EXERCISE REQUIREMENTS:
What are the lines below, starting at the line containing "首先我们把语言切换成中文,等" and ending at the line containing "Смеситель для кухни, двухзахватный, латунь,никель-хромовое"? Write them out exactly, ends included, without pictures.

EXERCISE INPUTS:

********

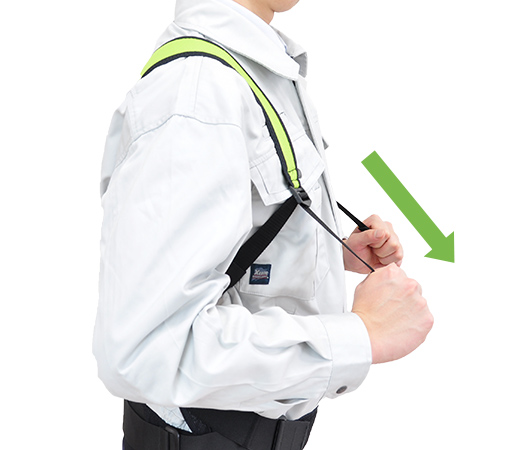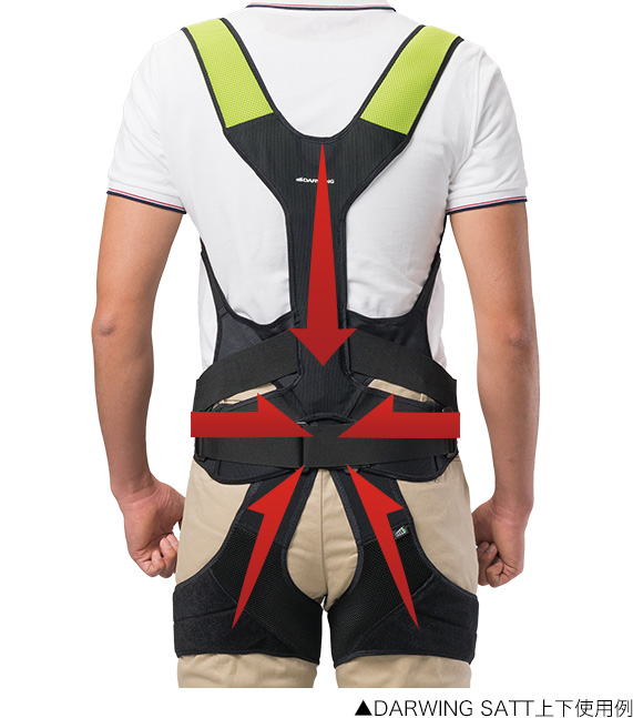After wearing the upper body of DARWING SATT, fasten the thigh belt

********

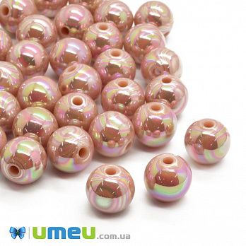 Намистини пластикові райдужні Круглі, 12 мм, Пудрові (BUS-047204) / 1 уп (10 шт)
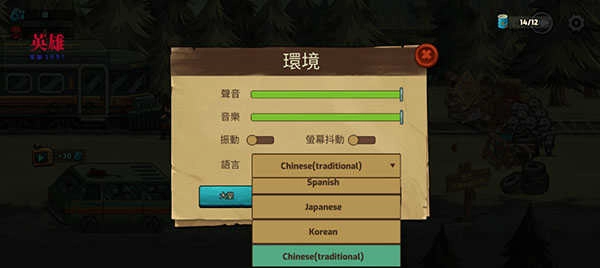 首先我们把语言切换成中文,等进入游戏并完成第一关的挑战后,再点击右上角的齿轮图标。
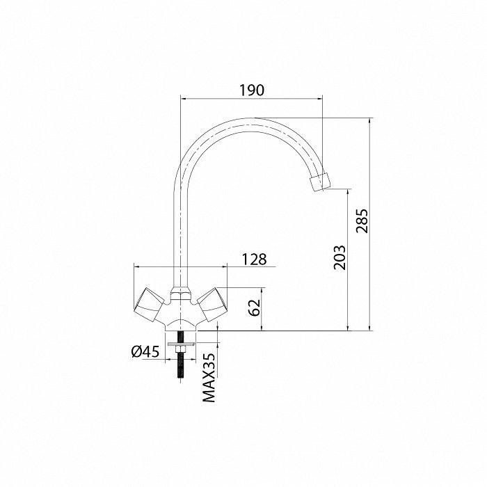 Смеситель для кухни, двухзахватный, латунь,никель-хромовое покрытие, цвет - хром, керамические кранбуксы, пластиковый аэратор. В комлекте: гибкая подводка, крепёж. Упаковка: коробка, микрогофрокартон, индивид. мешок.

********

ANSWER TO THE PROBLEM:
 首先我们把语言切换成中文,等进入游戏并完成第一关的挑战后,再点击右上角的齿轮图标。
 Смеситель для кухни, двухзахватный, латунь,никель-хромовое покрытие, цвет - хром, керамические кранбуксы, пластиковый аэратор. В комлекте: гибкая подводка, крепёж. Упаковка: коробка, микрогофрокартон, индивид. мешок.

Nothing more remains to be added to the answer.